In each of the 1-h interviews, the 40 speakers (who are balanced by age and gender) showed an enormous amount of variability (as assessed by phonetic transcription) in the speech signal. Overall, only 40% of the words are produced in their citation form. Only 38% of word types tend to appear in their non-citation variants more often and the propensity of individual speakers to pronounce word types in their citation form varies widely (between 36% word types and 67% word types). The word that appears in 313 variants, including d ah tq, m ah t, z eh tq, and ng ah.

We extracted for each citation form and parts-of-speech combination the number of variants observed in the corpus by citation form. The relative frequency counts for each form by parts-of-speech label were taken from the spoken part of COCA, an 80 million token subcorpus of Contemporary American English from transcripts of unscripted conversation on TV and radio programs.

2.2. Probability Distributions Analysis

Plotting a frequency distribution on a log-log plane, with log frequency on the y axis and log of rank order on the x axis, is a common method in the analysis of probabilistic structure. A linear plot indicates that the data conforms to Zipf’s law because Zipf’s law assumes an exponential increase in the time rate (rank). That is, a linear plot confirms a power law, while distributions we observe here and other variants of aggregate distributions (e.g., Zipf-Mandelbrot) are reported as an anomaly. The latter usually entails the introduction of additional parameters to fit the distribution back to power law.

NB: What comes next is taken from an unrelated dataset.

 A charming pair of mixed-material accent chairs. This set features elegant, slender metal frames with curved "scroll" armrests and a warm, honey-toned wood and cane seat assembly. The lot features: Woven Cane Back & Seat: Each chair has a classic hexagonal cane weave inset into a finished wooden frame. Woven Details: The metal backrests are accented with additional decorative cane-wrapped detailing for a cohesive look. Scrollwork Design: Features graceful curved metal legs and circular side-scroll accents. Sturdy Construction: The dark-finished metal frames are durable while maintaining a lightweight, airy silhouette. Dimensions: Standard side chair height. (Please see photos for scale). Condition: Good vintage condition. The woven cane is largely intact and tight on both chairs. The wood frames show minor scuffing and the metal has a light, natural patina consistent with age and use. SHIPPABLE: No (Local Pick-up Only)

Because linguists have so far only searched for power laws, the distributions we observe here are, when found, reported as an exception [34]. Ramscar [3] argues that empirical linguistic distributions ought not to be expected to follow power laws. Rather, because learning and mutual predictability require a regular distribution of events over time, human communicative codes ought to be expected to have distributions that retain their structures over time. Accordingly, following Ramscar [3], we employed log-linear plots in these analyses. That is, the linear decrease in probability over discrete time defines a time invariant communicative distribution while the exponential decrease in probability does not. To asses the extent to which the method captures this property, we apply it to a set of subsamples drawn from the original data.

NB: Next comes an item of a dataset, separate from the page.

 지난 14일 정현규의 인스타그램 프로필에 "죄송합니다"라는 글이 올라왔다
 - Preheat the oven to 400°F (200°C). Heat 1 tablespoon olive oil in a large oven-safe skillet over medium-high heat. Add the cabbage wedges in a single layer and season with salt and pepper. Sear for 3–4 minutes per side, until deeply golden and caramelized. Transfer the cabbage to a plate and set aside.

Figure 1a,b shows results from a simulation study capturing fits of the analyzed categories to a geometric distribution and a power-law distribution, respectively, over the first 2500 words from each of the 40 speaker subsamples. The two bottom row panels show the fits to geometric (Figure 1c) and power law (Figure 1d) across 40 random subsamples varying in size between 652 and

19,363

tokens. As we can see in Figure 1, fits to power law vary with sample size and source across all categories. In contrast, fits to geometric remain relatively stable in empirical distributions independent of sample source and size. This is not the case for aggregate distributions. Accordingly, this method appears to capture the critical property of communicative distributions addressed in this paper.

2.3. Statistical Analysis

The results presented in Section 4.1 were analyzed with a generalized additive mixed-effects model (GAMM) [35,36], working with the mgcv package for R. GAMMs are used for the analysis of complex, often nonlinear patterns involving the interaction of two or more numeric and factorial predictors. Instead of using polynomial functions, GAMMs introduce smoothing splines. A smoothing spline with one predictor fits a curve over multiple basis functions. Smoothing splines with multiple predictors fit multidimensional surfaces. These features allow us to explore interactions between frequency range, context, and lexical category and to reduce the model complexity by identifying relevant predictors which eventually result in linear effects.

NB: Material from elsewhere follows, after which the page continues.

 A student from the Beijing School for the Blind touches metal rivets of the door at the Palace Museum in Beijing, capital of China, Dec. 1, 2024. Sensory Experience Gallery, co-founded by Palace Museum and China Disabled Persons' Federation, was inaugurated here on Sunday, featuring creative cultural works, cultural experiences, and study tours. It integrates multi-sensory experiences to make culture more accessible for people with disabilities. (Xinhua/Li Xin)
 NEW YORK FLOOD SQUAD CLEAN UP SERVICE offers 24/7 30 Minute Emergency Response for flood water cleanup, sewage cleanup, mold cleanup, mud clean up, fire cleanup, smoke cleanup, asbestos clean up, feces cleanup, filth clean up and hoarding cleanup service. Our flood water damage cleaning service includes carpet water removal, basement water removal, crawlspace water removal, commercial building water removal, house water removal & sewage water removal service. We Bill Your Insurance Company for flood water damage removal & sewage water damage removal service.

3. The Structure of Lexical and Grammatical Variety in Speech: A Corpus Analysis

3.1. Part-of-Speech Token Distributions

3.1.1. Why Parts of Speech?

It is clear that many important regularities in human languages are consistently captured by high-level linguistic abstractions such as, for example, parts-of-speech categories, indicating that languages may be sufficiently structured to allow the discrimination of various functional parts of codes at various levels of abstraction. Ramscar [3] suggests that the probabilistic co-occurrence patterns of words and phrases serve to discriminate subcategories of signals (and hence codes) and that, as well as serving different communicative purposes, these subcategories form distributions that facilitate speaker alignment at various levels of analysis. This raises an obvious question: do the distributional properties of structural regularities in conversational speech actually support this hypothesis?

Parts-of-speech tags are often used to label the various categories that can be extracted from the abstract structure of languages. Different tag sets are used for languages which differ in structure, and the extent to which tags capture detail varies with the particular context in which tagging is employed. These tags are assigned automatically by statistical tools, typically assuming a Markov process, which employs regularities in word co-occurrence patterns over word sequences of varying sizes [37,38]. The fact that taggers achieve high levels of accuracy suggests in turn that high levels of systematicity must be present in distributional patterns. That is, the fact that structural properties of the training set will translate to novel and larger samples implies that the captured properties are sampling invariant. Previous work on text corpora implies that, in text at least, the empirical distributions discriminated by communicative contexts are geometric [3]. This raises a question: do the patterns that emerge during part-of-speech tagging also discriminate distributions with similar empirical properties?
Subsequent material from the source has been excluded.